Great analisys Jamie! I think you got your numbers very close to the final deal price. Which tools did you use to monitor such a large portfolio transfers?
DomainIQ.com, DomainTools.com are the main two sources I use via registrant monitor. Domain name server changes is another source to track, running bulk whois scans, watching update dates, general digging around and simply watching activity with what is selling, who owned it etc.
Great work Jamie..
Some great GEO, and 2L.com’s come on, what a great portfolio. I would assume they would be approached for maybe stock, you would think owning so many 2L.com’s which are so liquid cashflow would not have been an issue, somebody clearly wanted an exit.
Wonderful research work. Best blog man.
Thank you
Great info.
Nice work
Why didn’t this company just sell their 2 letter dot com? We’ve be seen so many sell at high prices. They could have easily unloaded their best domains with hiring the right domain brokers.
Maybe selling an entire portfolio is an easy way to cut operating cost of annual registrations. It cost them 7 figures to renew. Selling this portfolio lined their pockets and gave them newfound freedom.
Since we really do not know who owned the portfolio, it may have been a way for a group of investors to cash out. Without those 2L’s maybe the portfolio looks less attractive? or it may have been for other reasons not even tied to the portfolio sale.
Great research Jamie. I really like Delaware and Belgium. I don’t like we compete against GD for names now. 🙂 Your thoughts?
GoDaddy buying these domains is a good thing IMO! The are listing most with Buy Now pricing and the prices are not crazy. (at least a fair amount less than the past owners would sell at)
I see Godaddy and Endurance(BuyDomains) buying portfolios, wondering if those are the only ones in the market. There cant be many more sellers with such large portfolios (over 50,000 names). There are many who own 1000-5000 domains though.
With all the talk of not enough .com available in the market, this could help that quite a bit.

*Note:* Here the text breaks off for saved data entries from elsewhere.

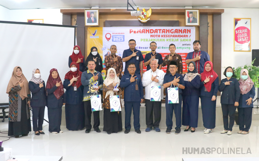 Penandatanganan dilakukan langsung oleh Direktur Polinela Dr. Ir Sarono, M.Si dan Ketua Balai Besar Pengawas Obat dan Makanan Lampung Drs. Zamroni, Apt. disaksikan Wakil Direktur IV Eko Win Kenali, S.Kom., M.Cs.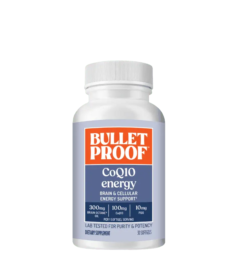 Da CoQ10 fettlöslich ist, sollte es am besten mit einer fetthaltigen Mahlzeit eingenommen werden. Bulletproof CoQ10 Energy enthält 100 mg Coenzym Q10 und 10 mg PQQ pro Softgel.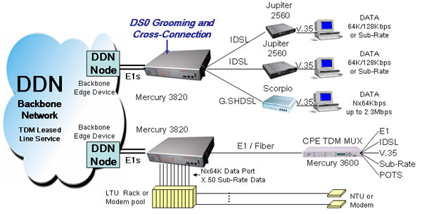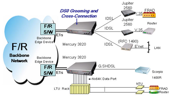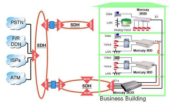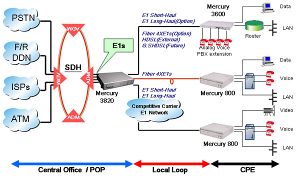 Применения Mercury 1. Предоставление услуг по арендуемым линиям (LL) Mercury работает как TDM Access MUX для предоставления услуг по выделенным низкоскоростным и Nx64Kbps каналам 2. Предоставление услуг по Frame Relay Mercury работает как TDM Access MUX для предоставления услуг по Frame Relay 3. Предоставление услуг по Internet / IP Mercury работает как маршрутизатор E1 Channelized или TDM Access MUX для предоставления услуг Internet / IP Service. 4. Применение Mercury для мультисервисного доступа (POP) 5. Применение Mercury для мультисервисного доступа для бизнес-зданий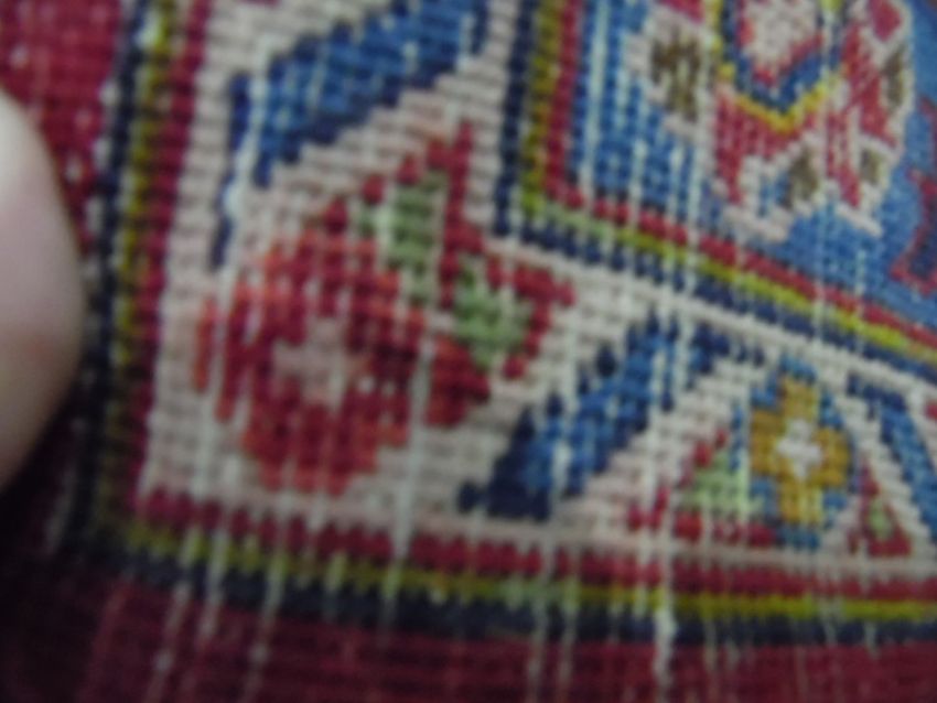 Red ground rug with stepped central foliate decorated medallion, the field with allover foliate decoration, stepped spandrels and three margin border, 384cm x 290cm Condition ReportFringes more or less gone, both ends. Uneven fading, mainly seen in the purple ground section of border, and purple ground spandrels and purple ground part of central medallion. Edges looking slightly threadbare in places. Some uneven wear. See images ofr further details. General wear and tear throughout.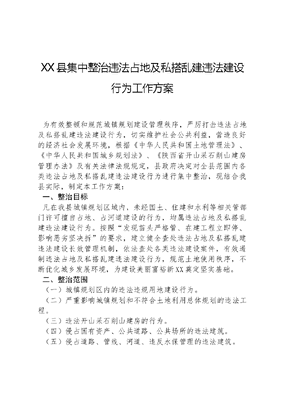 XX县集中整治违法占地及私搭乱建违法建设行为工作方案为有效整顿和规范城镇规划建设管理秩序,严厉打击违法占地及私搭乱建违法建设行为,切实维护社会公共利益,营造良好的经济社会发展环境,根据《中华人民共和国土地管理法》、《中华人民共和国城乡规划法》、《陕西省开山采石削山建房管理办法》及有关法律法规规定,县政府决定对全县范围内各类违法占地及私搭乱建违法建设行为进行集中整治,现结合我县实际,制定本工作方案:一、整治目标凡在我县城镇规划区域内,未经国土、住建和水利等相关管部门许可擅自占地、占河道建设的行为,均属违法占地及私搭乱建违法建设行为。按照发现苗头严格管、在建工程立即停、影响恶劣坚决拆的要求,建立健全查处违法占地及私搭乱建违法建设长效管理机制,依法查处各类违法建设案件,有效遏制违法占地及私搭乱建违法建设行为,规范土地使用秩序,不断优化城乡发展环境,为建设美丽富裕新XX奠定坚实基础。二、整治范围(一)城镇规划区内的违法违规用地建设行为。(二)严重影响城镇规划和不符合土地利用总体规划的违法工程。(三)违法开山采石削山建房的行为。(四)侵占国有资产、公共道路、公共场所的违法建筑。(五)侵占道路、管线、河道、违反水保管理的违法建筑。(六)县城、镇村主干道、巷道两侧的违法建筑。(七)违反规划,擅自改建、加建、扩建的违法建筑。(八)各住宅小区、居民楼、私人住宅楼内及附近的违法建筑。(九)其他严重影响居民生产生活的违法建筑。三、责任单位及职责分工各镇政府:负责各自辖区范围内的违法占地及私搭乱建违法建设的查处,重点是对城乡结合部、重要节点、主要出入口、居民小区范围内的行为进行查处。同时要摸清具体数量、面积等,归集分类、建立台账,为整治工作提供基础数据。妥善处理专项整治工作期间群众的来访、接访工作。县综合执法办:负责专项整治工作的日常事务,执行领导小组的工作部署,抓好综合协调,掌握工作动态,检查督促推进工作。对县城规划区范围内的违法占地及私搭乱建违法建设情况进行详细调查,摸清具体数量、面积等,归集分类、建立台账,为整治工作各责任单位提供基础数据。组织公安、住建、国土、水利等部门对未依法办理规划许可证和未按照规划许可证的规定进行建设、擅自施工的违法占地、占河道、私搭乱建违法建设及造成水土流失的主体进行查处。县国土局:负责依据土地管理法规及《陕西省开山采石削山建房管理办法》等法律法规,对非法转让土地、非法占地、破坏耕地等违法占地行为进行查处。县住建局:负责对未取得建设工程规划许可证或者未按照建设规划许可证的规定进行建设的,未经批准进行临时建设的,未按照批准内容进行临时建设的,临时建筑物、构筑物超过批准期限不拆除的行为的查处。县文旅广电局:负责综合整治工作的宣传报道工作,及时曝光典型案件,营造良好整治氛围。县林业局:负责对侵占或毁坏林地的私搭乱建违法建设行为的查处。文可居文库——海量学习资料,手机电脑均可下载www.wenkeju.com县交通局:负责对公路沿线的私搭乱建违法建设行为的查处。县司法局:负责对违法占地及私搭乱建违法建设主体的法律引导及纠纷的调解工作。县监察局:负责对党员干部及公职人员参与违法占地及私搭乱建违法建设行为的查处。县公安局:负责依法处置集中整治工作中出现的阻扰执行公务等危害社会治安秩序的行为。县信访局:负责对集中整治工作社会稳定风险评估,妥善处理专项整治工作期间群众的来访、接访工作。县气象局:对违法建筑不得办理防雷设施审核。县电力局:对私搭乱建违法建设及违法建筑不予供电。县水利局(供水公司):对私搭乱建违法建设及违法建筑不予供水。县环保局、安监局、文旅广电局、卫生局、工商局、质监局、食品药品监督管理局、农业局、林业局、国税局、地税局等部门,对违法建设的建筑物、构筑物以及其他设施投入经营使用的,或者擅自改变建筑物、构筑物以及其他设施使用功能的,依法不予核发相关许可证照。四、方法步骤集中整治工作采取集中部署、联合执行的方式进行,自2015年8月17日开始至11月底结束。(一)宣传动员阶段(8月17日—8月21日)。各部门要充分发挥职能优势,采取各种行之有效的宣传方式,广泛深入开展宣传。一是在县有线电视台、县政府门户网站、美丽XX微信平台及镇村组重要地段、街道社区宣传栏发布或张贴专项整治通告。二是通过电视、网络等新闻媒体及采取悬挂宣传横幅、发放宣传材料、出动宣传车等形式对整治活动及相关法律法规进行宣传,努力做到家喻户晓,为整治活动营造良好的氛围。与此同时,面向社会公开8828606、8828001投诉热线,积极引导社会各界支持和参与整治活动。文可居文库——海量学习资料,手机电脑均可下载www.wenkeju.com(二)自行整改阶段(8月22日—9月20日)。组织相关人员上门对违法占地及私搭乱建违法建设主体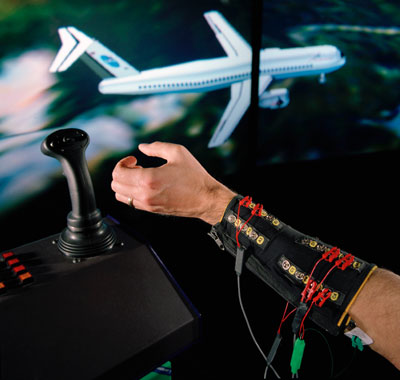 A set of electrodes records nerve signals in the arm, allowing a pilot to control a jetliner simulation without actually touching the joystick.

Some pretty shrewd business moves over the last year for GoDaddy, in my opinion. They’re the largest domain registrar, one of the largest hosting providers, and within the last 12 months they now have one of the largest and arguably the top domain name portfolio in existence.
Premium domain sales and GoDaddy’s core business go hand in hand with one another. I’m surprised they haven’t done this all along.
To me, it’s similar to a coffee house customer coming in for a black coffee and giving them the option of upgrading to a latte or frappuccino and a pastry. Very different products but the point is they already have the customers, infrastructure and network to make these bets pay off.
More domains translates into more potential customers coming to GoDaddy. Even if they don’t purchase the first domain they were interested in, they may purchase another, or a different product altogether.
Only time will tell how this affects the smaller domain portfolio holders. If GoDaddy moves a lot of good domains at lower prices, smaller sellers could see less sales as a result. Many of these domains were difficult (or nearly impossible) to acquire in the past.
If ~400,000 domains are now all priced and readily available… We have to remember that a customer typically has multiple domain options, so those who have comparable domains for sale need to either have better visibility for their domain, a better domain in general, better pricing, or be better at selling a lesser quality domain in order to get the sale.